The Pueblo Police Department is getting close to launching two drones that they plan to use to help in locating missing people, apprehend suspects and other police activities.
City Manager Sam Azad said the goal is to have the drones in place and operating in April.
Police Deputy Chief Chris Noeller said the department is seeking bids for two drones — one that is capable of outdoor flight and has thermal cameras, and another that can be used inside buildings.
Once the department gets the bids back, they will go over them and figure out which meet their requirements.
The police department already has two officers certified to fly drones, and they will be the only individuals who will operate them initially. Those officers will be on-call to respond whenever a situation arises that requires the assistance of one of the drones
Down the road, the department would like to get more officers certified to fly them, Noeller said.
Drones will be used by the police department in numerous ways and even will be shared with the Pueblo Fire Department in certain situations, according to Noeller.
Their use could make investigations and situations safer for officers.
The drones can be used to track a suspect that runs from police or to scan big buildings when there is a burglary alarm going off.

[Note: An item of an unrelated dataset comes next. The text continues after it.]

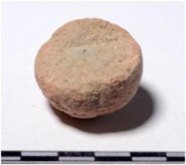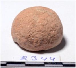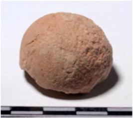 | Description / विवरण | A fragment of a terracotta sling ball round in shape of rough surface. |
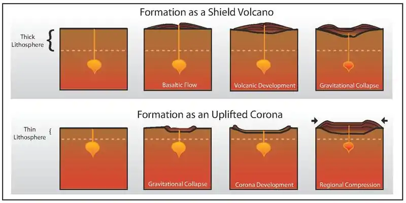 An alternate theory is, rather than being a shield volcano, Irnini Mons developed as a corona under thin lithosphere, and was simply tectonically uplifted to its present elevation under the north-south compression. Coronae develop when a mantle upwelling bends the crust upwards, which later collapses when the dynamic support from the upwelling is lost, resulting in a shallow oval-shaped depression. This hypothesis requires two assumptions:[8]

They can also be used to search for missing persons.
“A drone can cover a lot more ground a lot quicker than a human can. And with the addition of the thermal camera, we can pick up heat signatures and identify someone if they fell in a gully or something like that,” Noeller said.
The drones also can be used to help police locate homeless populations along Fountain Creek.
“There was a flood two summers ago where we had to send officers up and down the (creek) looking for camps,” Noeller said. “We could fly the drone up and down there, find where people are and send officers directly to those locations instead of have them walk the river.”
The fire department would be able to use the drones for river rescues and during grassland fires.
“There’s a number of different uses for them besides helping in apprehending a criminal,” Noeller said.
As for potential privacy concerns, Noeller said police would need a warrant to hover a drone over someone’s home or backyard.
“Protecting the rights of our citizens is important to us,” Noeller said. “One area that gets kind of muddy is if we get a suspect running through backyards fleeing. We would track them, but we’re not going to be looking for someone pulling their weeds in their backyard; we’re tracking the bad guy.”